I appreciated you commentary. The only situation where the 18 million ounces of gold hedge of Barrick could become dangerous is in a rapid adjustment of the market price of gold. Or put another way in a rapid decline in the value of the US dollar. Most observers would say that the dollar has been and is roughly thirty percent overvalued for most of the last six years. Let's leave the accuracy of that projection aside.
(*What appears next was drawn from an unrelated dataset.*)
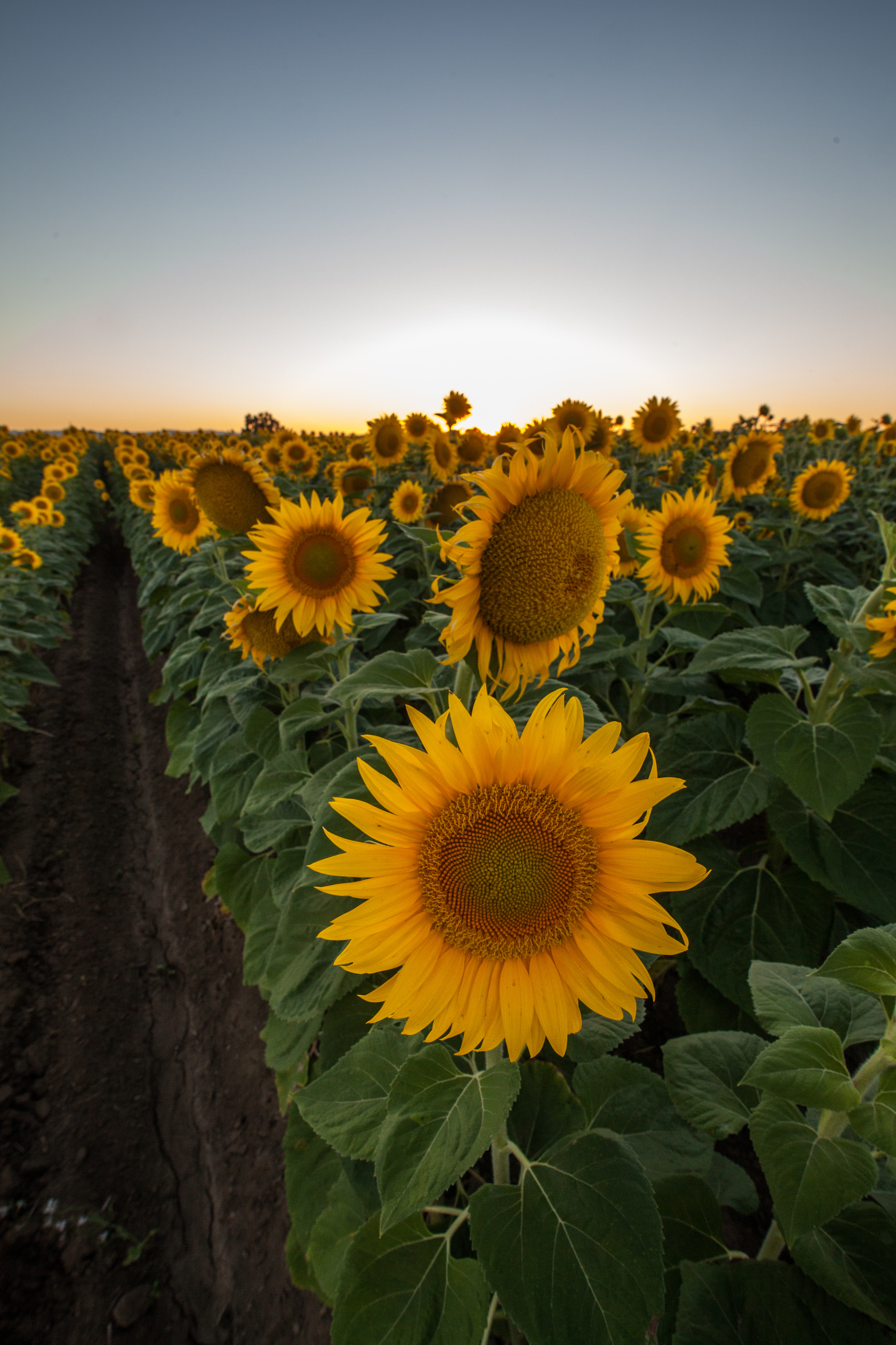 Land of the Sun

The fact is that the tremendous flow of foreign capital into the US under the US strong dollar policy (1995-present)has brought interest rates on US Treasury instruments lower then they would have otherwise been by insisting that the importers to the US market not repatriate their export earnings by converting their US dollars earned back into their own currency. Rather it was required if they wanted to maintain access to the US market for their goods that they reinvest the US dollar earnings in the US. In practice most of this flowed into the US Treasury markets(currently 39% foreign owned)and lowered US interest rates which in turn gave another boost to the stock markets and caused considerable additional strength in the economy of the US, through lower mortgage rates allowing refinancing, increased economic activity in general. This is the reason that the Clinton/Rubin years saw such full employment, low reported inflation(because of all the import pressures holding prices down either directly or through competition with domestically produced goods)and booming stock and bond markets. T

he problem is that the tide is turning and the US dollar is not sustainable at this level if the US intends to maintain any manufacturing base at all. The recent trade restrictions and tariffs placed on all foreign imported steel shows the strains of this situation.

Faced with a potential fall in the US dollar many of the foreign investors will now strive to keep their gains from its six year appreciation and begin to repatriate their currencies. Not just those US dollars from this years $438 billion dollar trade deficit but all of the money from all of the trade deficits over the last five to six years.

In this enviroment you have a large short position in many of the hedged miners and the bullion banks that have been aggressivley playing the "gold carry trade" and are effectively short well over a ten thousand tonnes of gold that they have borrowed at the gold lease rate and sold into the spot market and then speculated in the bond market with using leverage. This game is now over. The question remains are the hedgers smart enough to forsee all of these forces that are roiling the economic horizon or like the management of Enron are they about to be shown as having feet of clay. It ain't easy predicting the outcome of these bets when so many of the variables can change so quickly.

THe six fold increase in the Japanese publics purchases of gold bullion February 2002 versus February 2001 is a good example of the unpredictable surges in demand for gold that are possible when you have bank depositors in Argentina and Japan feeling the same panic about their paper currency denominated savings accounts.